- Activity -
Transcribe word for word each line from the one containing "Ebony / Ebenholz" to the final line of the data, both included. Skip the pictures.
⁂
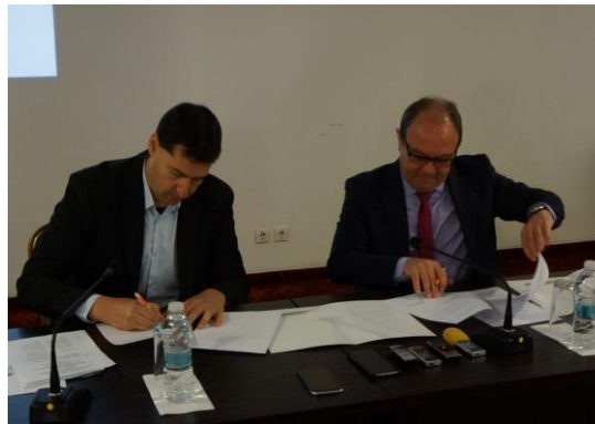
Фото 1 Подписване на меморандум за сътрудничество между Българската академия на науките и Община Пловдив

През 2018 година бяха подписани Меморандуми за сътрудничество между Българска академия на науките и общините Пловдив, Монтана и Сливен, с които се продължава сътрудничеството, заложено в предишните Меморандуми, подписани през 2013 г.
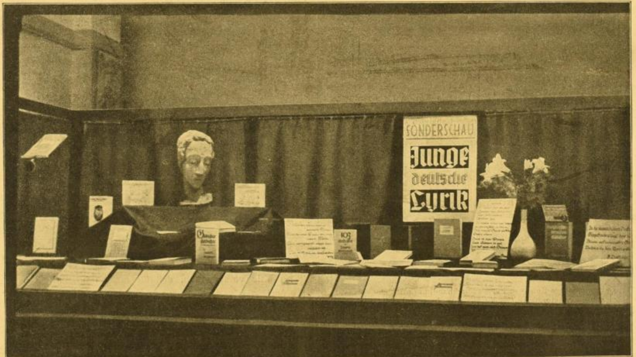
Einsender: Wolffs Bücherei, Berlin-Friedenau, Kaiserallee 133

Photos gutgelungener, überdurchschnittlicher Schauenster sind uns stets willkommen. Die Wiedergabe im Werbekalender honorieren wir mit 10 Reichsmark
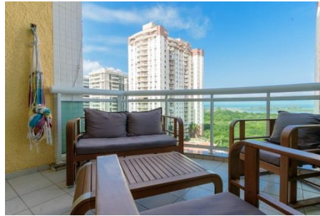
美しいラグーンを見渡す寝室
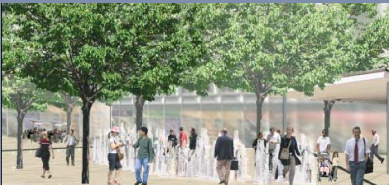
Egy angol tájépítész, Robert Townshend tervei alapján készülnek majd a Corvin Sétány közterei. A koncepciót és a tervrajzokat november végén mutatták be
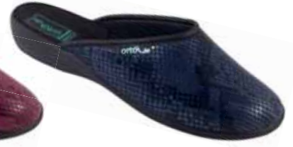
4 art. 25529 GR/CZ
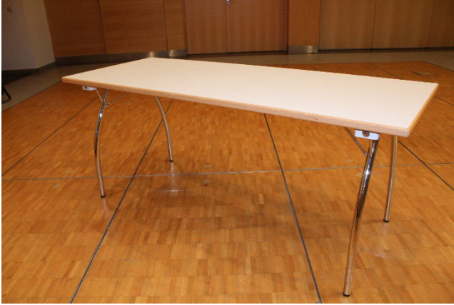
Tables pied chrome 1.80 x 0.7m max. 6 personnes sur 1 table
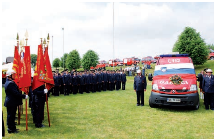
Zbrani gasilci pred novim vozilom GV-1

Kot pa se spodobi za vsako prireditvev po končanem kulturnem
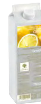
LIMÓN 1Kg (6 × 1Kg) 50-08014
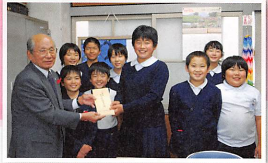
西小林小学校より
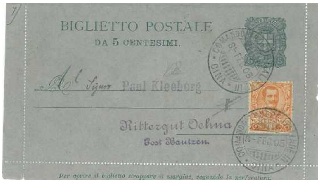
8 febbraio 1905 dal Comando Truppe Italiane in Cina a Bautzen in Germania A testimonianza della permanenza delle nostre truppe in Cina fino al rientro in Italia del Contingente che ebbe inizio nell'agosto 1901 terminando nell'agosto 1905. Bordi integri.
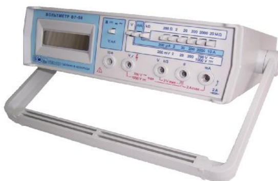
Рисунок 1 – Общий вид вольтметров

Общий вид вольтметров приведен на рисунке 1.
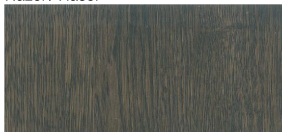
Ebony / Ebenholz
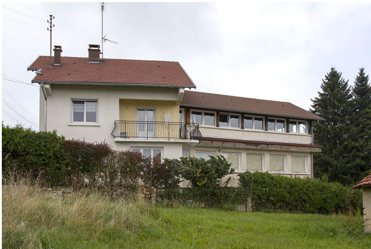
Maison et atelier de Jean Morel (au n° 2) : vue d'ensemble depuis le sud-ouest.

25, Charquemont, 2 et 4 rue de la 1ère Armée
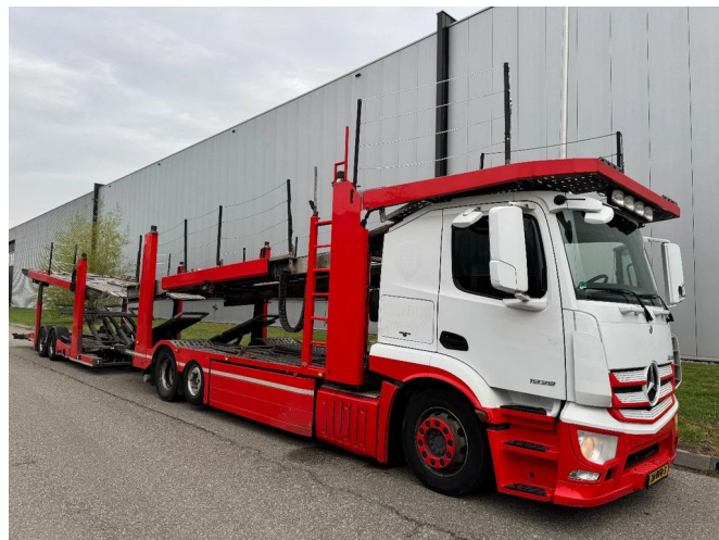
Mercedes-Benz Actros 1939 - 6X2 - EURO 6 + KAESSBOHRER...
⁂
- Result -
Ebony / Ebenholz
Maison et atelier de Jean Morel (au n° 2) : vue d'ensemble depuis le sud-ouest.

25, Charquemont, 2 et 4 rue de la 1ère Armée
Mercedes-Benz Actros 1939 - 6X2 - EURO 6 + KAESSBOHRER...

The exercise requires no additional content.